Progressive differentiation has taken place throughout the past century and is actively continuing. Medicine (apart from individual exceptions) has departed from a holistic consideration of the human being, which was one of its prominent features before the second half of the 19th century, and has become increasingly concentrated on biological and genetic factors affecting health and disease. This focused approach has brought enormous, previously unthinkable, benefits in the prevention, diagnosis and treatment of disease in the course of the 19th and 20th centuries, but has entailed disregard of emotional and relational factors. This latter attitude, in spite of common statements to the contrary, is far from subsiding, reinforced by such constructs as evidence-based medicine and universal diagnosis and treatment protocols.
Psychology, on the other hand, as synthesised in Engel's notion of a ‘biopsychosocial model’,7 tends to view health and pathology (both mental and physical) as linked to: (i) the relationship between the individual and his/her past and present social environment, as exemplified for instance in the psychobiological regulation model;8 (ii) the relationship between the individual and the specific moment in his/her lifecycle; and (iii) specific resources of the individual, such as coping styles, or the capacity to identify, process and regulate emotions.9 Psychologists are generally mindful of Balint's legacy, where every disease is defined as a co-construction between patient and physician;1 conversely, they lack the competence to fully understand the pathophysiology of physical disease and its possible biological determinants, and may tend to disregard these components.
This strong differentiation therefore calls for a corresponding effort at integration, which should not be left as a burden to the patient alone, subjecting him/her to such widely different types of input.
One possibility is the training of family physicians in a more comprehensive, biopsychosocial approach to patients, as originally proposed by Balint. (As extensively reported in his well-known volume, The Doctor, his Patient and the Illness,1 Balint proposed weekly meetings of groups of family physicians with a mental health expert (‘Balint groups’), for some years, in which cases with more obvious psychosocial implications were to be discussed.) This appears much more difficult today than in Balint's time, firstly due to the very differentiation we are considering.
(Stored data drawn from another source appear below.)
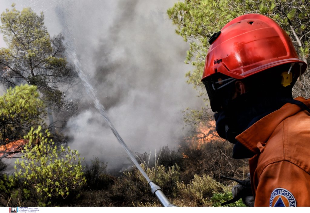 Στην περιοχή πνέουν ισχυροί άνεμοι ενώ επίγειες και εναέριες δυνάμεις της Πυροσβεστικής επιχειρούν προκειμένου να την περιορίσουν.
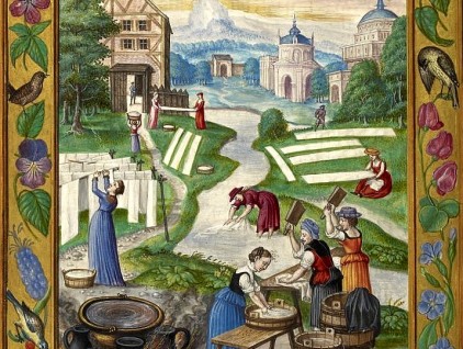 "Donne lavano i panni nel fiume e li stendono ad asciugare", miniatura tratta dal codice 'Splendor Solis" (Germania, 1582), British Library, Londra.
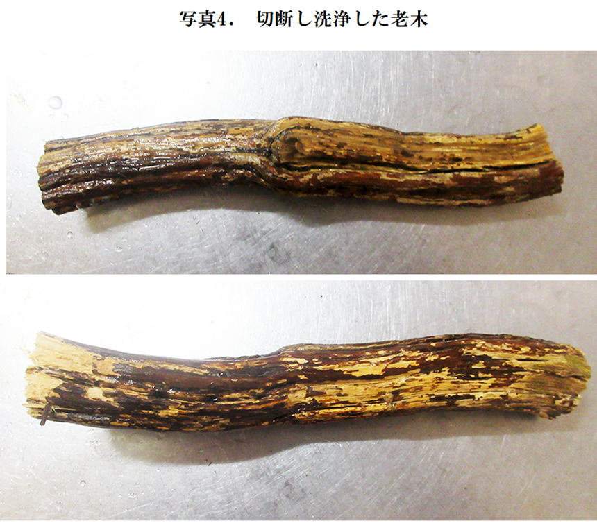 写真は切断し洗浄した老木の一部分である。
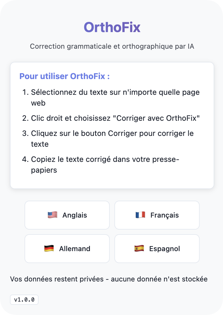 Vos textes sont chiffrés en transit et ne sont jamais stockés sur nos serveurs ; ils sont traités de façon éphémère puis supprimés. OrthoFix est conforme au RGPD et ne revend ni n’analyse vos contenus à des fins publicitaires.
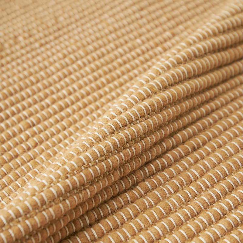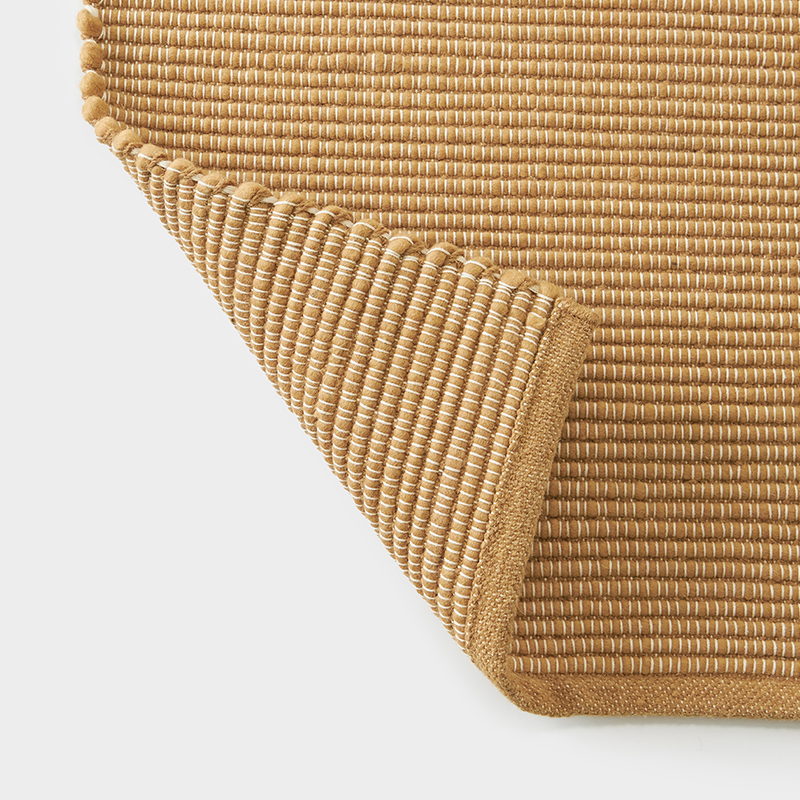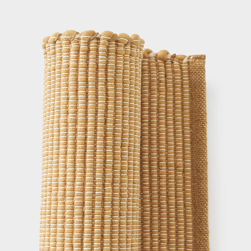 マーロンラグは、伝統的な織機で一つひとつ手織りされており、手仕事ならではの自然な風合いや個性が際立ちます。表情豊かなスラブ調の生地は、心地よい手触りと、リラックス感あふれるやさしい雰囲気を演出します。
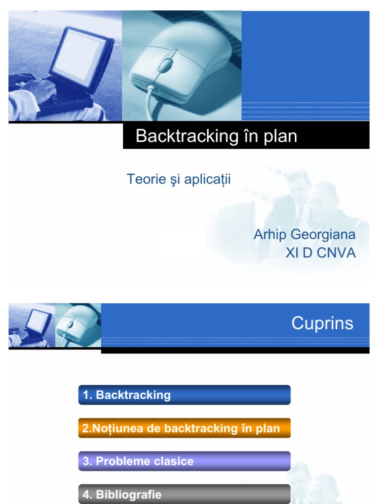 1. Backtracking [Link] iunea de backtracking n plan 3. Probleme clasice 4. Bibliografie
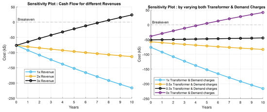 The revenues have three contributors, the earnings from EV charging, the earnings from selling the batteries after the end of the project with the energy capacity remaining and finally the earnings from solar renewable credits (SRECs) for the extra energy produced from PVs and sold to the grid (in compliance with net metering rules of Ohio []). The SREC values are based on locational marginal price (LMP) in real cases and change dynamically like a stock market. Hence for simplicity, an average value was considered from Ohio’s history of SREC prices over a year [,].

A recent survey among family physicians in an Italian city showed that, while the need for a psychosocial approach was widely recognised among doctors, they tended to consider themselves barely suited for this, for reasons related to: (i) time limitations; (ii) the possible presence of conflictual dynamics around drug compliance and certification of absence from work, which might hinder interaction on other levels; (iii) reluctance of the patient to enter into a dialogue with the physician on a more personal level, in view of his established role in physical examination and drug prescription; and (iv) insufficient training on the physician's part.10 We might add that specific training in psychology for physicians may also be more difficult today, in view of the remarkable increase in the amount of strictly biomedical material a doctor needs to know. (Training physicians to recognise and treat pharmacologically moderate states of mental distress, such as minor depression, is of course perfectly feasible, and is being done worldwide. We believe this has nothing to do with the challenge we are addressing here – that is, achievement of the capacity to locate every kind of complaint brought to the family physician within the patient's life context.)
The other road to integration is co-operation between the physician and the psychologist. A range of levels of collaboration is widely discussed in the literature, including informal consultation, formal consultation, joint sessions (the latter recommended for ‘somatisation disorders’, seen as difficult to refer11), ’co-provision of care’ (involving frequent discussions of cases between physician and psychologist) and ‘co-therapy’.12 This last situation is recommended when ‘co-morbidity’ of biological and psychological distress is present.13 Tovian recommends, in all cases, meetings between physicians and psychologists to discuss referrals.14 A training model at Massachussets Medical School, explicitly designed to promote collaboration between psychologists and physicians,15 entails a large number of ‘dual interviews’ with patients at various points in clinicians' training. The East Virginia Medical School also implemented joint training of physicians and psychologists, involving co-ordinated treatment of a large number of patients, under the supervision of senior psychologists and physicians.16
Though all these proposals appear reasonable and useful and meet some needs, they leave open two kinds of problems:
Referral to psychologists on the part of physicians mainly takes place, in fact, when explicit mental distress is present, or when problems arise in the doctor/patient relationship (as in lack of adherence to treatments), or in diseases for which medicine is partially or totally impotent in helping the patient, where psychological intervention is seen as a synonym for ‘humanitarian assistance’.17 Very seldom is psychological intervention requested in the initial phases of physical illness, where its beneficial effect could be much greater, or as an adjuvant to effective medical treatment when this is available, in spite of the literature showing the heightened effects of combined treatments.18–20
Furthermore, the physician's tendency to recognise only explicit mental distress often causes neglect of the best-known psychic risk factor for somatic disease or illness – that is, a deficit in the identification and expression of emotions, as described in the construct of alexithymia or affective dysregu-lation.9 This condition generally results in a colourless, boring, ‘hypernormal’ style of communication, totally opposite to the style commonly present in mental distress as commonly viewed. For this reason, those very patients who tend to express their life problems through the body, more so than others, are those less likely to be referred to a psychologist.21
Physicians and psychologists also have very different views surrounding psychological referral. Doctors in general tend to view referral to a psychologist as similar to referral to a medical consultant, that is, a decision based on a need of the patient, for which something can be prescribed. Psychologists, on the contrary, are well aware of the importance of a personal request (or acceptance) on the patient's part, in addition to the presence of a need that is (albeit correctly) seen by someone else; they are well aware that psychological consultation cannot be ‘prescribed’, but must be ‘negotiated’ and ‘accepted’, since the patient is required to do much more than in cardiologic consultation, for example. Referral, therefore, even in appropriate situations, may be not appropriately proposed to the patient.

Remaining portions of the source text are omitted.